• Materials provided:
=== Section Start ===

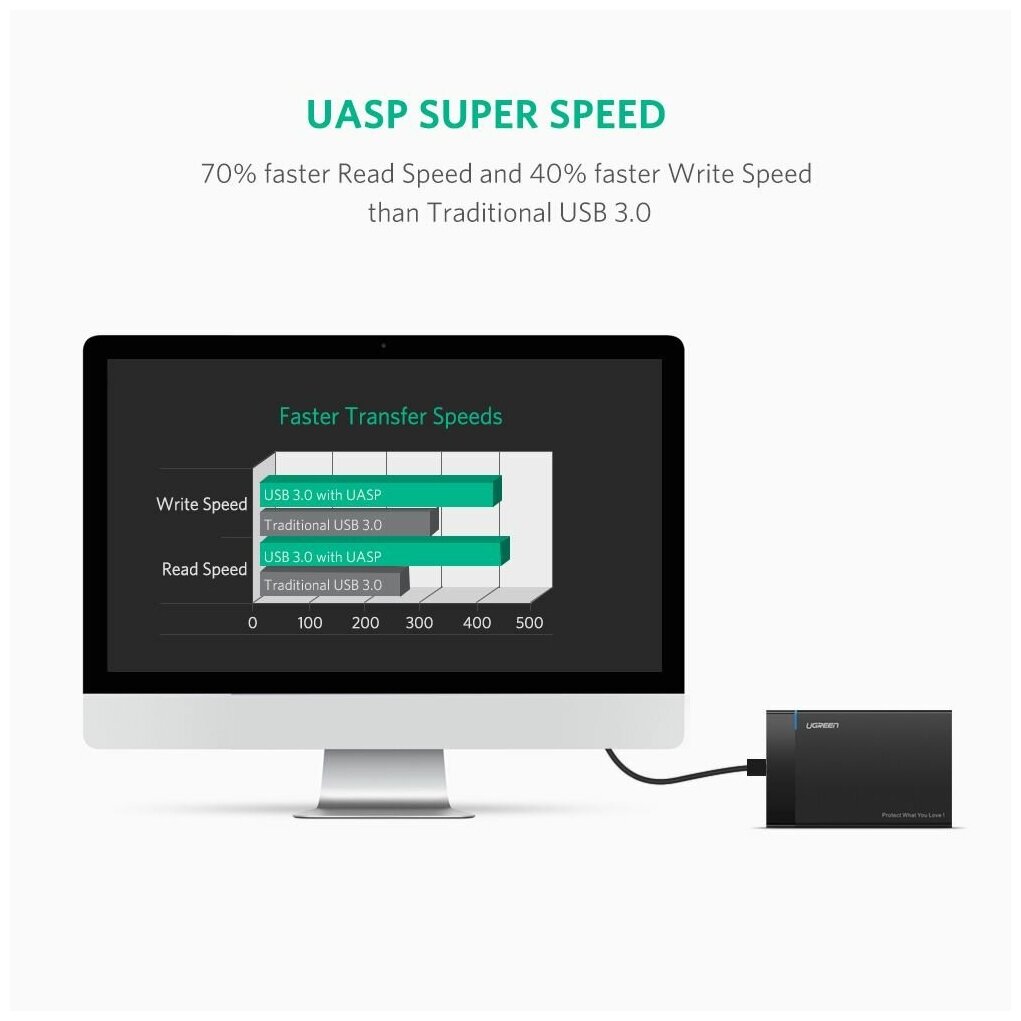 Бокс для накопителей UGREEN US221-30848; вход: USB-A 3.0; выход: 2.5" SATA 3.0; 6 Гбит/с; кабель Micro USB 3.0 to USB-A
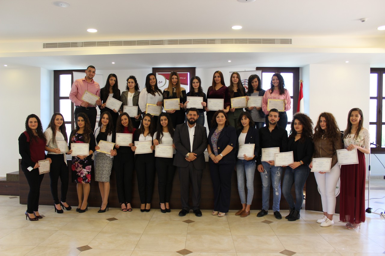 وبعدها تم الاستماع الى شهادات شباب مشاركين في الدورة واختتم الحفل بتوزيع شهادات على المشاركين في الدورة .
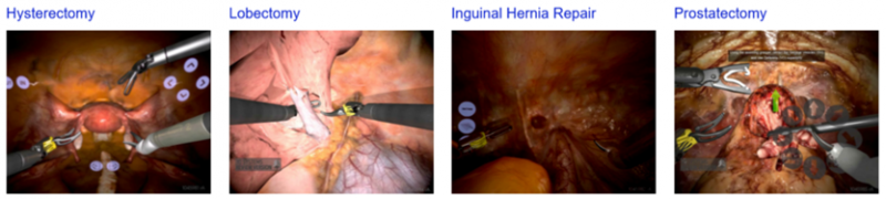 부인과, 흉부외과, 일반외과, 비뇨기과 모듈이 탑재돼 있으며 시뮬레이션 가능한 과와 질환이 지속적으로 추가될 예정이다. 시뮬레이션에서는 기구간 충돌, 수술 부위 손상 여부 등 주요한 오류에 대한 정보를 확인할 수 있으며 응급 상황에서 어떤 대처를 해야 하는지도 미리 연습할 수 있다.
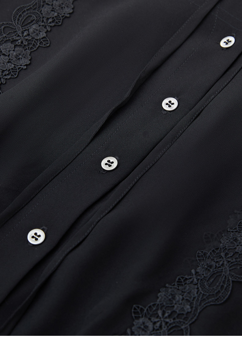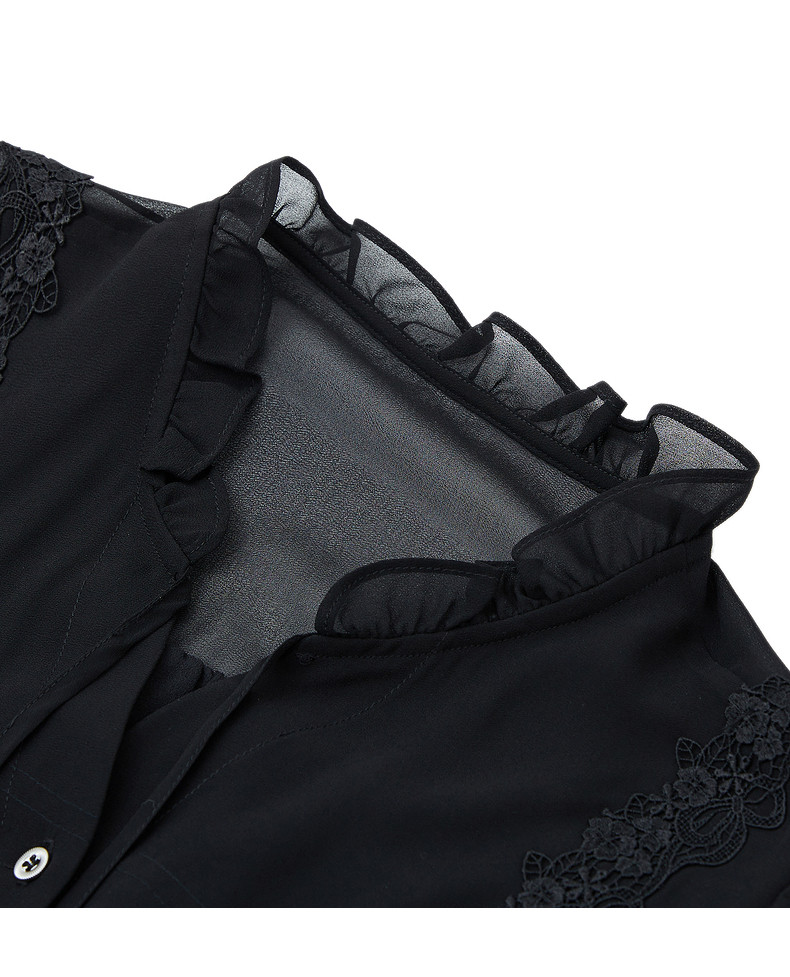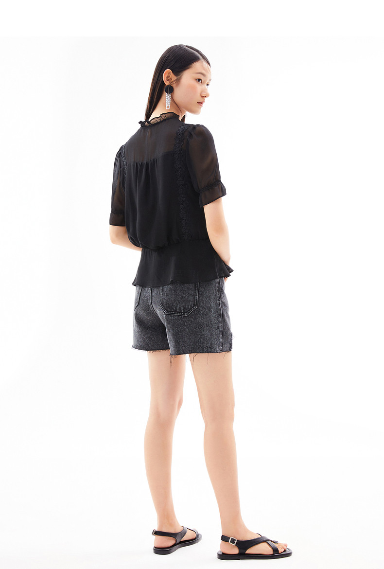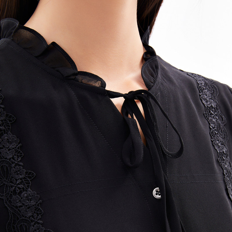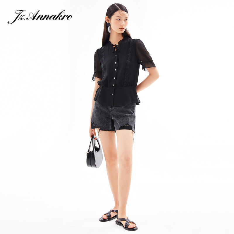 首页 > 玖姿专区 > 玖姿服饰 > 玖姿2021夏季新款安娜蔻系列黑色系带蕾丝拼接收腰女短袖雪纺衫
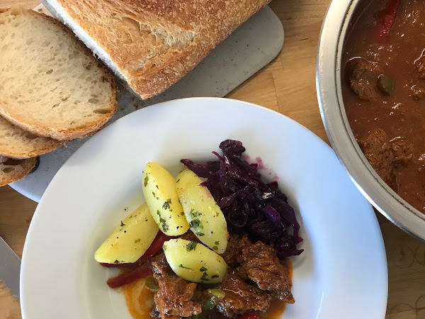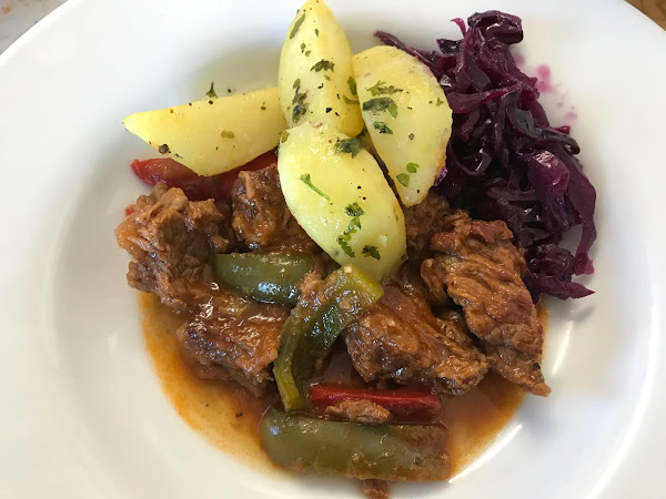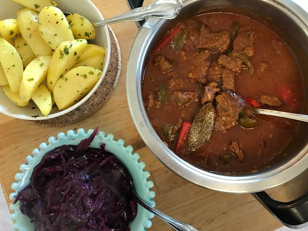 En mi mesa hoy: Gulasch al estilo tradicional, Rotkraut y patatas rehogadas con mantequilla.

=== Section End ===
=== Section Start ===

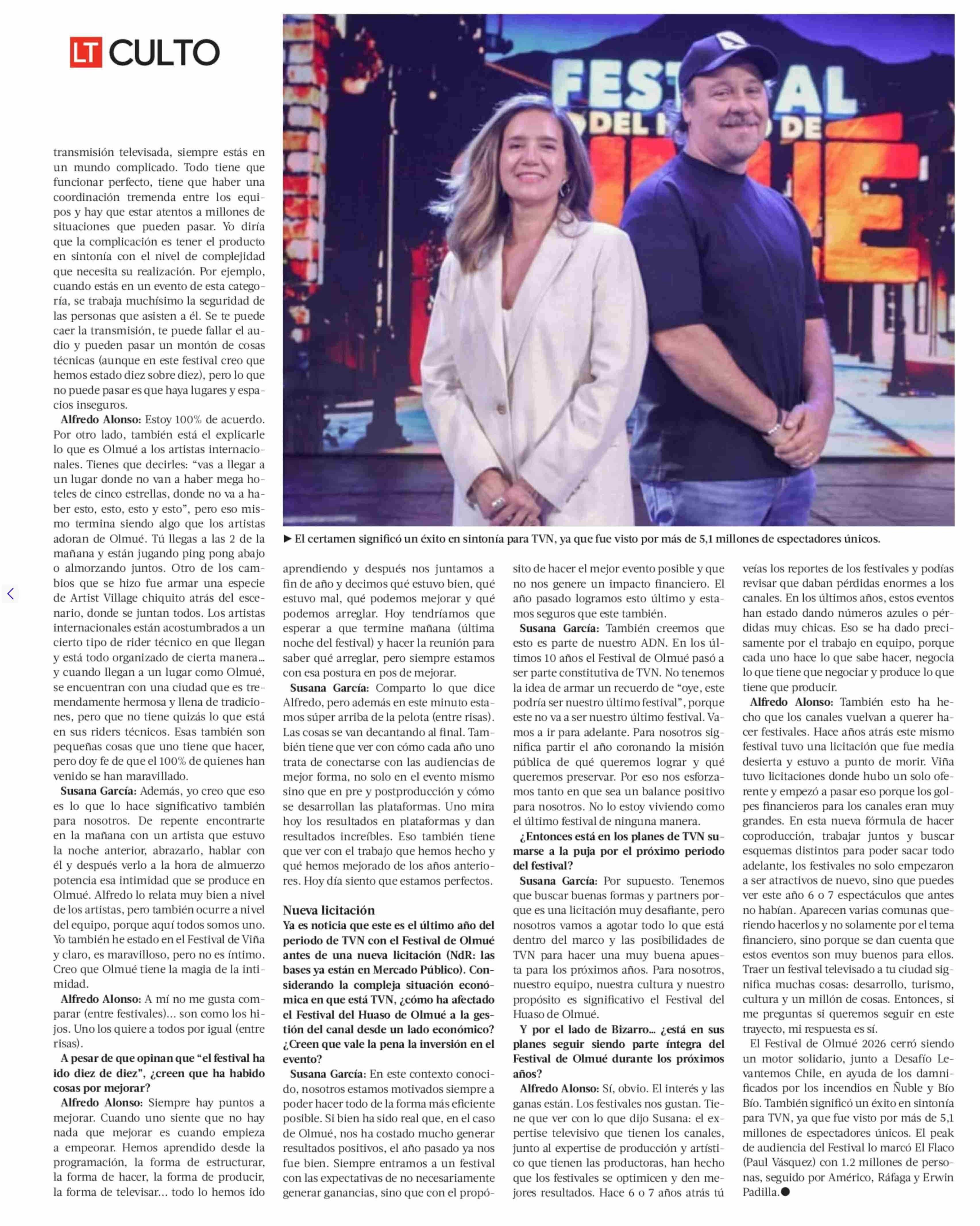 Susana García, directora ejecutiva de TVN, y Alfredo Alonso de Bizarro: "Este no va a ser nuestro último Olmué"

=== Section End ===

• Goal of the exercise: Begin at the line in the entries above that has "وبعدها تم الاستماع", stop after the line that has "부인과, 흉부외과, 일반외과, 비뇨기과", and output exactly those lines without pictures.

• Response to this task:
 وبعدها تم الاستماع الى شهادات شباب مشاركين في الدورة واختتم الحفل بتوزيع شهادات على المشاركين في الدورة .
 부인과, 흉부외과, 일반외과, 비뇨기과 모듈이 탑재돼 있으며 시뮬레이션 가능한 과와 질환이 지속적으로 추가될 예정이다. 시뮬레이션에서는 기구간 충돌, 수술 부위 손상 여부 등 주요한 오류에 대한 정보를 확인할 수 있으며 응급 상황에서 어떤 대처를 해야 하는지도 미리 연습할 수 있다.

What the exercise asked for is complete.